EXERCISE DETAILS> Images excepted, the data below must be repeated exactly.

[DATA PROVIDED]

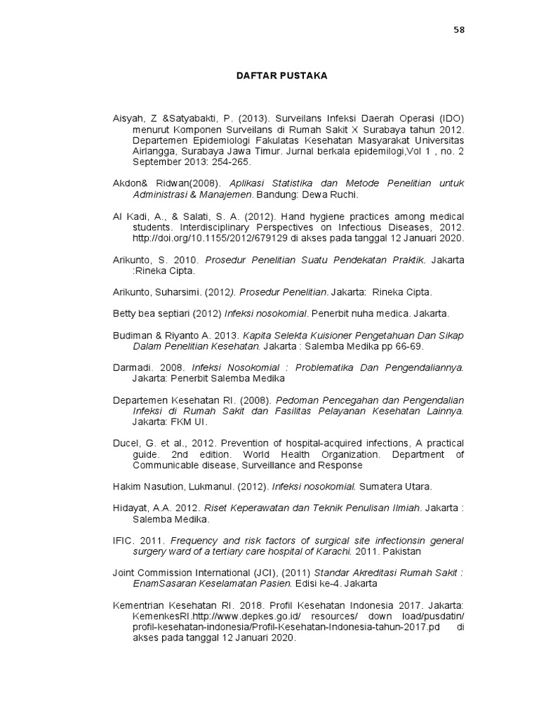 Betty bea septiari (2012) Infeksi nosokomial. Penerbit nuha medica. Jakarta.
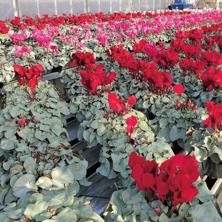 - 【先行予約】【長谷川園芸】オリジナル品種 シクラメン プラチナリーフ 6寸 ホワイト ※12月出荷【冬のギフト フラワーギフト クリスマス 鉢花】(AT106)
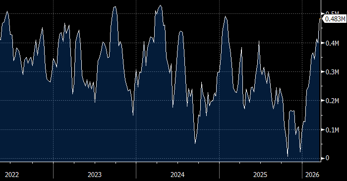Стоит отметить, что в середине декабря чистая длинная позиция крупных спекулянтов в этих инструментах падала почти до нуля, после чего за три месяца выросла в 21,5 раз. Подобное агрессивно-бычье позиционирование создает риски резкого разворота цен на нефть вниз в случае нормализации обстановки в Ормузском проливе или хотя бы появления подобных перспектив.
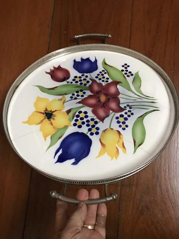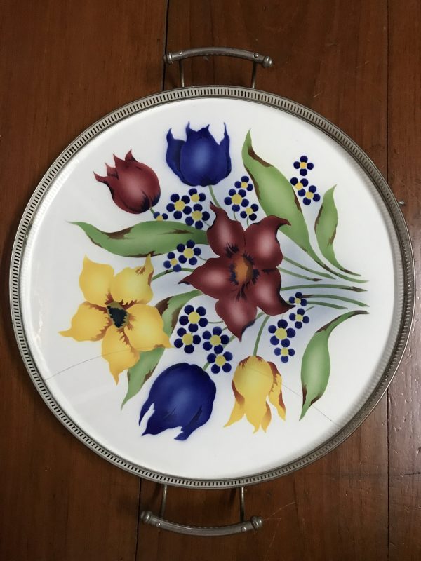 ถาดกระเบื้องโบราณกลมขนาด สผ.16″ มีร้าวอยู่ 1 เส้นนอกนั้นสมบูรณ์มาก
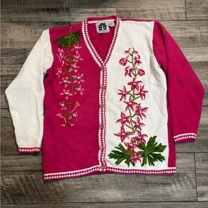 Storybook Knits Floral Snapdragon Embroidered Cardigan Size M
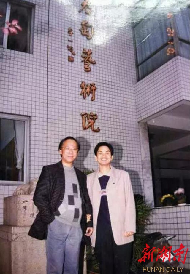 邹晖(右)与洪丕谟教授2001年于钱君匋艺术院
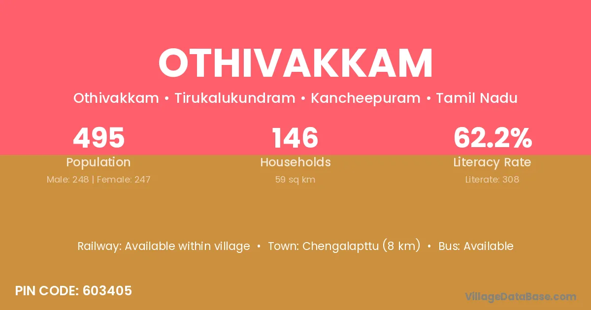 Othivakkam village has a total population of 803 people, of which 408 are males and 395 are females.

[/DATA PROVIDED]

WRITTEN ANSWER>
 Betty bea septiari (2012) Infeksi nosokomial. Penerbit nuha medica. Jakarta.
 - 【先行予約】【長谷川園芸】オリジナル品種 シクラメン プラチナリーフ 6寸 ホワイト ※12月出荷【冬のギフト フラワーギフト クリスマス 鉢花】(AT106)
Стоит отметить, что в середине декабря чистая длинная позиция крупных спекулянтов в этих инструментах падала почти до нуля, после чего за три месяца выросла в 21,5 раз. Подобное агрессивно-бычье позиционирование создает риски резкого разворота цен на нефть вниз в случае нормализации обстановки в Ормузском проливе или хотя бы появления подобных перспектив.
 ถาดกระเบื้องโบราณกลมขนาด สผ.16″ มีร้าวอยู่ 1 เส้นนอกนั้นสมบูรณ์มาก
 Storybook Knits Floral Snapdragon Embroidered Cardigan Size M
 邹晖(右)与洪丕谟教授2001年于钱君匋艺术院
 Othivakkam village has a total population of 803 people, of which 408 are males and 395 are females.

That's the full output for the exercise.